Malutki minus, który właściwie minusem nie jest, a raczej taki urok tego produktu - przed użyciem peelingu musimy porządnie wymieszać wszystkie składniki, ponieważ oleiste substancje opadają na dno słoiczka, a na wierzchu pozostaje twarda szorstka i sucha sól. Po wymieszaniu możemy już tylko rozkoszować się i odprężać przy jednoczesnym oczyszczaniu skóry :)

A na koniec standardowo, z przyjemnością prezentuję skład peelingu:

  • Sól Epsom Otuli Twoją skórę ślizgą powłoką, potęgując efekt nawilżenia. Sól Epsom nazywana jest też oliwą magnezową. Dzięki niej peeling dodany do kąpieli sprawi, że woda stanie się oleista i zrelaksuje Twoją skórę i ciało. Sól stosowana jest od dawna w kuracjach, znana jest z właściwości relaksujących, odprężających i kojących bóle stawów. Peeling zawiera około 40 procent Soli Epsom.
  • Olejek Eteryczny May Chang Egzotyczny olejek z drzewa Litsea Cubeba. To on odpowiedzialny jest za ciepły i słodki zapach peelingu, który często porównywany jest do landrynek.
  • Olej Śliwkowy Otrzymywany z pestek śliwek, nadaje peelingowi lekko wyczuwalny zapach marcepanowo-migdałowy. Bogaty w kwasy oleinowy i linolowy, znane ze swych właściwości nawilżających.
  • Olej Makadamia Otrzymywany z orzechów makadamia. Sprawia, że skóra staje się gładka i jędrna. Zapewnia skórze dodatkowe nawilżenie. Zawiera kwas oleopalmitynowy (Omega-7), który naturalnie występuje w skórze, jednak z wiekiem jego ilość się zmniejsza.
  • Olej Truskawkowy Otrzymywany z dojrzewających w słońcu pestek truskawek, niesie ze sobą lekką zapachową nutę truskawkową. Jest mieszaniną silnych składników aktywnych o właściwościach przeciwstarzeniowych - Omega-3, Omega-6, Omega-9, witamina A oraz E.

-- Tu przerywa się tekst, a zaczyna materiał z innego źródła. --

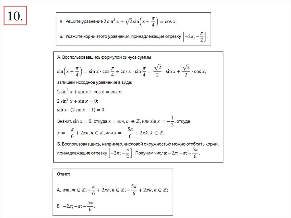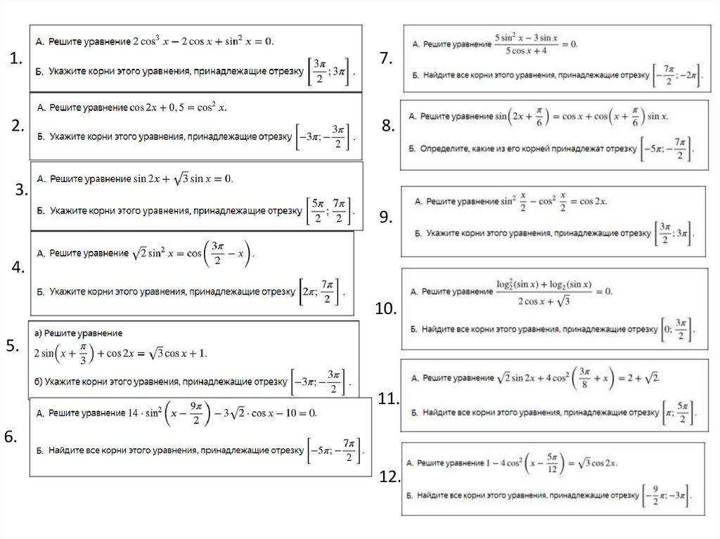 1. «Тригонометрические уравнения. Отбор корней» на углубленном уровне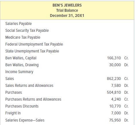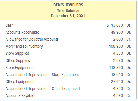 The unadjusted trial balance of Benâs Jewelers on December 31, 20X1, the end of its fiscal year, appears below.

Na koniec zostawiłam sobie bombę witaminową, czyli MASECZKĘ DO TWARZY Z GLINKĄ CZERWONĄ. W czym tkwi sekret tego kosmetyku? Zawarta w nim glinka czerwona powoduje złuszczenie naskórka, dzięki czemu maseczka jest jeszcze bardziej skuteczna ponieważ delikatnie speelingowana skóa jest bardziej podatna na działanie pozostałych substancji aktywnych.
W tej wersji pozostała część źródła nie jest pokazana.